▶ What you will do
Reproduce every record below, character by character.

▶ Dataset excerpts
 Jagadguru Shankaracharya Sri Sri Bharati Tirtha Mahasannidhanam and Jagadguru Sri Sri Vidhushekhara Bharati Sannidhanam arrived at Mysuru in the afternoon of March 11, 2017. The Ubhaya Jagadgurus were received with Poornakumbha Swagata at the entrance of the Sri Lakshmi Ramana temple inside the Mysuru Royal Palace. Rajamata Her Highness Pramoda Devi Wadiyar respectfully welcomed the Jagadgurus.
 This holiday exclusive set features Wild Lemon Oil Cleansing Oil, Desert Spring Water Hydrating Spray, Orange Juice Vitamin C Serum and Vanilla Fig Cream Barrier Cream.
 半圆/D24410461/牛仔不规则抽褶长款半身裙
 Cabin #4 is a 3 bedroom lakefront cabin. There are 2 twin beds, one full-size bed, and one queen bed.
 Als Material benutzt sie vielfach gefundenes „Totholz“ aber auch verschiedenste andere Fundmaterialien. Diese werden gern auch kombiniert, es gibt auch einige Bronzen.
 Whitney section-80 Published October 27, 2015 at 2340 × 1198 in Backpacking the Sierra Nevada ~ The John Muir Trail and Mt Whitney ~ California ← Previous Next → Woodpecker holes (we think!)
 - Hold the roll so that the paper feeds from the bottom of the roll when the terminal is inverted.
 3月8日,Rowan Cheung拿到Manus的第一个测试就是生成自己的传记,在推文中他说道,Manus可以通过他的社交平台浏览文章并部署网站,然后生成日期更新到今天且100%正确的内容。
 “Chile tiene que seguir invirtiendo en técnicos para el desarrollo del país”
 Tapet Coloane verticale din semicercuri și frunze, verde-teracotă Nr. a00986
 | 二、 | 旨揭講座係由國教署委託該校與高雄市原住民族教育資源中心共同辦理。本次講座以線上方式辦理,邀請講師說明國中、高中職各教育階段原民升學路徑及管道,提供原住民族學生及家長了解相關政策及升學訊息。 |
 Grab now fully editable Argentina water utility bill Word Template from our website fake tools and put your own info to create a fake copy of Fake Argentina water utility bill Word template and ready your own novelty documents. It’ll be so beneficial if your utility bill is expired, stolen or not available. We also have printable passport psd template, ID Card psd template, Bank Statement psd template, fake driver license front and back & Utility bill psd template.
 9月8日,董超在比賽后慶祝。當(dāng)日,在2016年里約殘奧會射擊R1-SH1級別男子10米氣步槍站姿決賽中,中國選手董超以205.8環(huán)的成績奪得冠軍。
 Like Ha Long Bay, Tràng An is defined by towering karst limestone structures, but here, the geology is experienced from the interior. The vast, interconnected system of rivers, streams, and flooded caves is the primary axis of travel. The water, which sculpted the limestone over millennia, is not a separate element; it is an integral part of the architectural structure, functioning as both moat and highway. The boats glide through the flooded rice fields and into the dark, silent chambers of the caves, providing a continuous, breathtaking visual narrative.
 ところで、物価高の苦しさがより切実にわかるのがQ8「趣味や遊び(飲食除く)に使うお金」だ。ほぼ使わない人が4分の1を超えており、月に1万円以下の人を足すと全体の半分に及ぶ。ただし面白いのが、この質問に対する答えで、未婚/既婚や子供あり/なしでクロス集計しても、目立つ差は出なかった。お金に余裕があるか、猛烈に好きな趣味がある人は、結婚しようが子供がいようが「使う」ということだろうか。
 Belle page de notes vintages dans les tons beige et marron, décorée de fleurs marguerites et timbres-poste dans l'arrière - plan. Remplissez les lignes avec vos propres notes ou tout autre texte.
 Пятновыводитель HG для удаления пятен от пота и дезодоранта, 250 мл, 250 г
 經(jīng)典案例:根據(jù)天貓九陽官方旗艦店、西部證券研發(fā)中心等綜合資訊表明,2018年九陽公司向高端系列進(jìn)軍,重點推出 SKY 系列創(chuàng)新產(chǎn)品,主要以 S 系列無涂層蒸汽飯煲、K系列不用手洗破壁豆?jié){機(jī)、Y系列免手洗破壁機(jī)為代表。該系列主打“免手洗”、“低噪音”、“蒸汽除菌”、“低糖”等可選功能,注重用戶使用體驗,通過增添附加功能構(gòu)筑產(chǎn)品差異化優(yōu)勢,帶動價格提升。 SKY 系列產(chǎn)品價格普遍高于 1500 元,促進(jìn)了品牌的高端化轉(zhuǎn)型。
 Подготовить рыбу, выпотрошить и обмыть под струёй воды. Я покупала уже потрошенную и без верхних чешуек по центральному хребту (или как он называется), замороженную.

▶ Result of the task
 Jagadguru Shankaracharya Sri Sri Bharati Tirtha Mahasannidhanam and Jagadguru Sri Sri Vidhushekhara Bharati Sannidhanam arrived at Mysuru in the afternoon of March 11, 2017. The Ubhaya Jagadgurus were received with Poornakumbha Swagata at the entrance of the Sri Lakshmi Ramana temple inside the Mysuru Royal Palace. Rajamata Her Highness Pramoda Devi Wadiyar respectfully welcomed the Jagadgurus.
 This holiday exclusive set features Wild Lemon Oil Cleansing Oil, Desert Spring Water Hydrating Spray, Orange Juice Vitamin C Serum and Vanilla Fig Cream Barrier Cream.
 半圆/D24410461/牛仔不规则抽褶长款半身裙
 Cabin #4 is a 3 bedroom lakefront cabin. There are 2 twin beds, one full-size bed, and one queen bed.
 Als Material benutzt sie vielfach gefundenes „Totholz“ aber auch verschiedenste andere Fundmaterialien. Diese werden gern auch kombiniert, es gibt auch einige Bronzen.
 Whitney section-80 Published October 27, 2015 at 2340 × 1198 in Backpacking the Sierra Nevada ~ The John Muir Trail and Mt Whitney ~ California ← Previous Next → Woodpecker holes (we think!)
 - Hold the roll so that the paper feeds from the bottom of the roll when the terminal is inverted.
 3月8日,Rowan Cheung拿到Manus的第一个测试就是生成自己的传记,在推文中他说道,Manus可以通过他的社交平台浏览文章并部署网站,然后生成日期更新到今天且100%正确的内容。
 “Chile tiene que seguir invirtiendo en técnicos para el desarrollo del país”
 Tapet Coloane verticale din semicercuri și frunze, verde-teracotă Nr. a00986
 | 二、 | 旨揭講座係由國教署委託該校與高雄市原住民族教育資源中心共同辦理。本次講座以線上方式辦理,邀請講師說明國中、高中職各教育階段原民升學路徑及管道,提供原住民族學生及家長了解相關政策及升學訊息。 |
 Grab now fully editable Argentina water utility bill Word Template from our website fake tools and put your own info to create a fake copy of Fake Argentina water utility bill Word template and ready your own novelty documents. It’ll be so beneficial if your utility bill is expired, stolen or not available. We also have printable passport psd template, ID Card psd template, Bank Statement psd template, fake driver license front and back & Utility bill psd template.
 9月8日,董超在比賽后慶祝。當(dāng)日,在2016年里約殘奧會射擊R1-SH1級別男子10米氣步槍站姿決賽中,中國選手董超以205.8環(huán)的成績奪得冠軍。
 Like Ha Long Bay, Tràng An is defined by towering karst limestone structures, but here, the geology is experienced from the interior. The vast, interconnected system of rivers, streams, and flooded caves is the primary axis of travel. The water, which sculpted the limestone over millennia, is not a separate element; it is an integral part of the architectural structure, functioning as both moat and highway. The boats glide through the flooded rice fields and into the dark, silent chambers of the caves, providing a continuous, breathtaking visual narrative.
 ところで、物価高の苦しさがより切実にわかるのがQ8「趣味や遊び(飲食除く)に使うお金」だ。ほぼ使わない人が4分の1を超えており、月に1万円以下の人を足すと全体の半分に及ぶ。ただし面白いのが、この質問に対する答えで、未婚/既婚や子供あり/なしでクロス集計しても、目立つ差は出なかった。お金に余裕があるか、猛烈に好きな趣味がある人は、結婚しようが子供がいようが「使う」ということだろうか。
 Belle page de notes vintages dans les tons beige et marron, décorée de fleurs marguerites et timbres-poste dans l'arrière - plan. Remplissez les lignes avec vos propres notes ou tout autre texte.
 Пятновыводитель HG для удаления пятен от пота и дезодоранта, 250 мл, 250 г
 經(jīng)典案例:根據(jù)天貓九陽官方旗艦店、西部證券研發(fā)中心等綜合資訊表明,2018年九陽公司向高端系列進(jìn)軍,重點推出 SKY 系列創(chuàng)新產(chǎn)品,主要以 S 系列無涂層蒸汽飯煲、K系列不用手洗破壁豆?jié){機(jī)、Y系列免手洗破壁機(jī)為代表。該系列主打“免手洗”、“低噪音”、“蒸汽除菌”、“低糖”等可選功能,注重用戶使用體驗,通過增添附加功能構(gòu)筑產(chǎn)品差異化優(yōu)勢,帶動價格提升。 SKY 系列產(chǎn)品價格普遍高于 1500 元,促進(jìn)了品牌的高端化轉(zhuǎn)型。
 Подготовить рыбу, выпотрошить и обмыть под струёй воды. Я покупала уже потрошенную и без верхних чешуек по центральному хребту (или как он называется), замороженную.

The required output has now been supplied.